5. Umsetzung des Handlungskonzeptes Wohnen (Kapitel 4.5)

-          Strategische Steuerung und Umsetzung

-          Wohnungsmarktbeobachtung

-          Etablierung eines „Runden Tisches Wohnen“ (Politik, Verwaltung, Wohnungsmarktakteure).

 

Für die Umsetzung der Maßnahmen sind die Einrichtung einer ämterübergreifenden „Arbeitsgruppe Wohnbauentwicklung“ (Kapitel 4.1.4.5) sowie die Benennung eines Koordinators innerhalb der Verwaltung geplant. Die Arbeitsgruppe soll auf Basis des HKW einen Maßnahmenplan mit entsprechender Zeit- und Ressourcenplanung erstellen, der dann den zuständigen politischen Gremien zur Vorberatung bzw. zum Beschluss vorgelegt wird.

 

Da der Wohnungsmarkt auf Grund von Angebot und Nachfrage, der demografischen, sozialen und wirtschaftlichen Rahmenbedingungen in der Stadt und der Region einer ständigen Entwicklung unterliegt, bedarf es einer kontinuierlichen Beobachtung des Wohnungsmarktes, um entsprechend schnell auf sich einstellende Veränderungen, z.B. Zunahme der Baulandnachfrage oder der Nachfrage nach sozial gefördertem oder altersgerechtem Wohnraum, zu reagieren und gezielte Maßnahmen einzuleiten.

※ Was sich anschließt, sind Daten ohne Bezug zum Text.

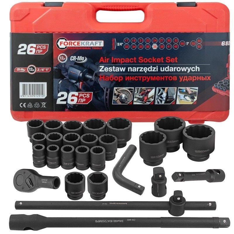 ПроизводителиНабор головок 1", 26пр., (12гр.)(FK-68262-9) FORCEKRAFT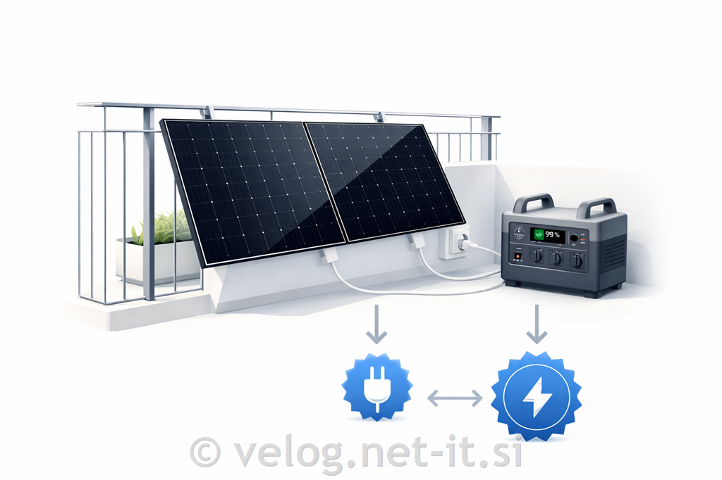 Balkonska sončna elektrarna s hranilnikom.

Die zielgenaue Abschätzung des Neubau- aber auch Umbaubedarfs sowie die Verteilung des Bedarfs auf die jeweiligen Wohnungsmarktsegmente und Ortsteile sind wesentliche Aufgaben dieser kontinuierlichen Wohnungsmarktbeobachtung.

 

Das Handlungskonzept Wohnen ist das Rahmenkonzept für die nachhaltige Wohnungsmarktentwicklung in Eschweiler. Ergänzt werden soll es durch weitere Bausteine und Maßnahmen, wie z.B.

-          Beschluss zur sozial gerechten Bodennutzung in Eschweiler,

-          Beschluss einer Richtlinie über die Vergabe städtischer Einfamilienhausgrundstücke zur Eigentumsbildung und Familienförderung,

-          Beschluss zur Umsetzung eines Baulandprogramms,

-          usw..

Diese und weitere Maßnahmen sollen in einem nächsten Schritt durch die Arbeitsgruppe „Wohnbauentwicklung“ erarbeitet und im Anschluss den zuständigen politischen Gremien zum Beschluss vorgelegt werden.

 

Die Verwaltung empfiehlt, das Handlungskonzept Wohnen als städtebauliches Entwicklungskonzept mit gesamtstädtischer Bedeutung im Sinne des § 1 Abs. 6 Nr. 11 BauGB zu beschließen und die Ergebnisse zukünftig auch bei der Aufstellung der Bauleitpläne zu berücksichtigen.

 

 


Die für die externe Erarbeitung des Handlungskonzeptes Wohnen erforderliche Summe von rund 25.000 Euro wurde im Jahr 2016 im Produkt 053510101 und dort im Sachkonto 52917000 bereitgestellt. Die Umsetzung der Maßnahmen erfolgt im Rahmen der haushaltsrechtlichen Möglichkeiten.

 


Begleitung und Steuerung der Konzeptentwicklung haben Arbeitskapazitäten in den Ämtern 23, 50 und 61 gebunden. Die Umsetzung der beschlossenen Maßnahmen soll zunächst durch bestehendes Personal der Verwaltung abgedeckt werden. Die Einrichtung einer Stelle zur Wohnungsmarktentwicklung ist geplant.